ACTION ITEM
Below this line is a listing that includes pictures. Copy exactly, and only, the lines from the one containing "গ্রেফতারে অগ্নিগর্ভ ইম্ফল" through the one containing "Met deze uitschuifantenne"; the pictures do not go in the copy.

EXERCISE DATA
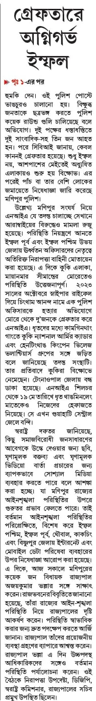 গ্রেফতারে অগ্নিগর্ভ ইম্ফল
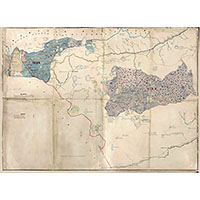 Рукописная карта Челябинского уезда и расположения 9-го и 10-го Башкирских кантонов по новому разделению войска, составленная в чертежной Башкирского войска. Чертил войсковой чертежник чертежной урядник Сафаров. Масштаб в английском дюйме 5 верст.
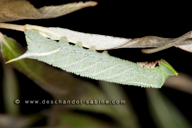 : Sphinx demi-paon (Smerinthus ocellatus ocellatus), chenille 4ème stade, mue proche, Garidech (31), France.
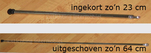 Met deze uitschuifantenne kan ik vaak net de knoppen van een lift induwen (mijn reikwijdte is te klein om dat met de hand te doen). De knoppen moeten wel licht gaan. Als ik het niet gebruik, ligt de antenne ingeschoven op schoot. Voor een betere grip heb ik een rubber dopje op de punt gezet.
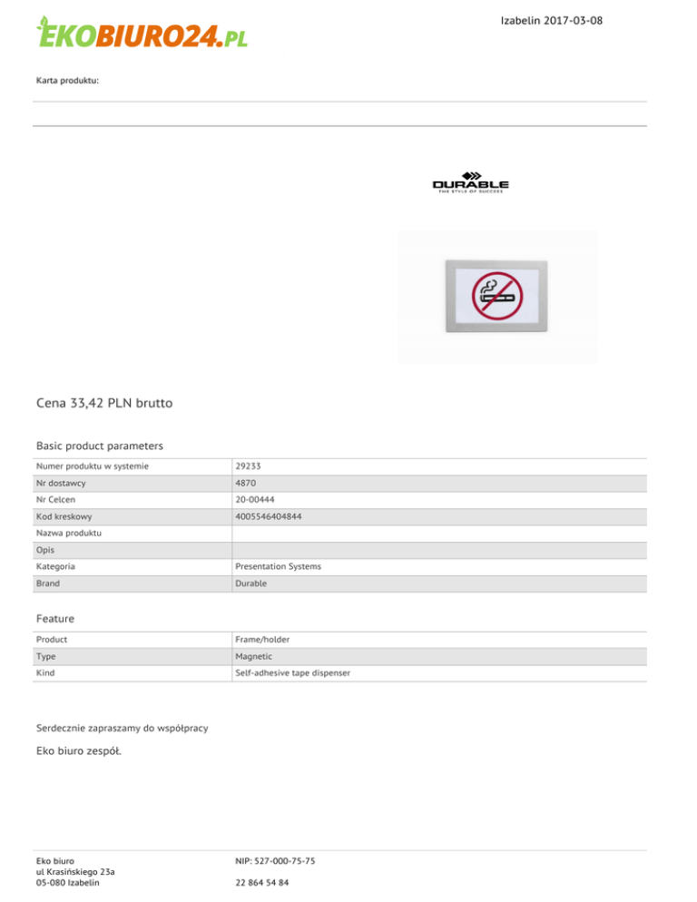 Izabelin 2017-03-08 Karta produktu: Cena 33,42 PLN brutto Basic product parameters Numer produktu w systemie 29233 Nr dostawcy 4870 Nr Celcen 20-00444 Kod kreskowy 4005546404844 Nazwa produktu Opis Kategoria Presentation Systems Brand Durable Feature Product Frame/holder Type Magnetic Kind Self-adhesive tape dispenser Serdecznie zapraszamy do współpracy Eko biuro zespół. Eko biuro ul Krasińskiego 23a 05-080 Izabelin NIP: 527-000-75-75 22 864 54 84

* * *

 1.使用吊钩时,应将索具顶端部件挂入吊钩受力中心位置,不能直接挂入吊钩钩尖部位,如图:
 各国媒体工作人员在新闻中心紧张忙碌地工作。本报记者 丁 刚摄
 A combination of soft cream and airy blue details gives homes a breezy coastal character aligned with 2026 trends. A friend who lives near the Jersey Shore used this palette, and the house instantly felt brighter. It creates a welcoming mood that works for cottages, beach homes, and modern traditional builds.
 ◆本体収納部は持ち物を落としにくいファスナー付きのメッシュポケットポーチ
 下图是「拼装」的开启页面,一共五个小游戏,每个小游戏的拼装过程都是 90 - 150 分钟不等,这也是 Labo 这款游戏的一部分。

ANSWER TO THIS PROBLEM
 গ্রেফতারে অগ্নিগর্ভ ইম্ফল
 Рукописная карта Челябинского уезда и расположения 9-го и 10-го Башкирских кантонов по новому разделению войска, составленная в чертежной Башкирского войска. Чертил войсковой чертежник чертежной урядник Сафаров. Масштаб в английском дюйме 5 верст.
 : Sphinx demi-paon (Smerinthus ocellatus ocellatus), chenille 4ème stade, mue proche, Garidech (31), France.
 Met deze uitschuifantenne kan ik vaak net de knoppen van een lift induwen (mijn reikwijdte is te klein om dat met de hand te doen). De knoppen moeten wel licht gaan. Als ik het niet gebruik, ligt de antenne ingeschoven op schoot. Voor een betere grip heb ik een rubber dopje op de punt gezet.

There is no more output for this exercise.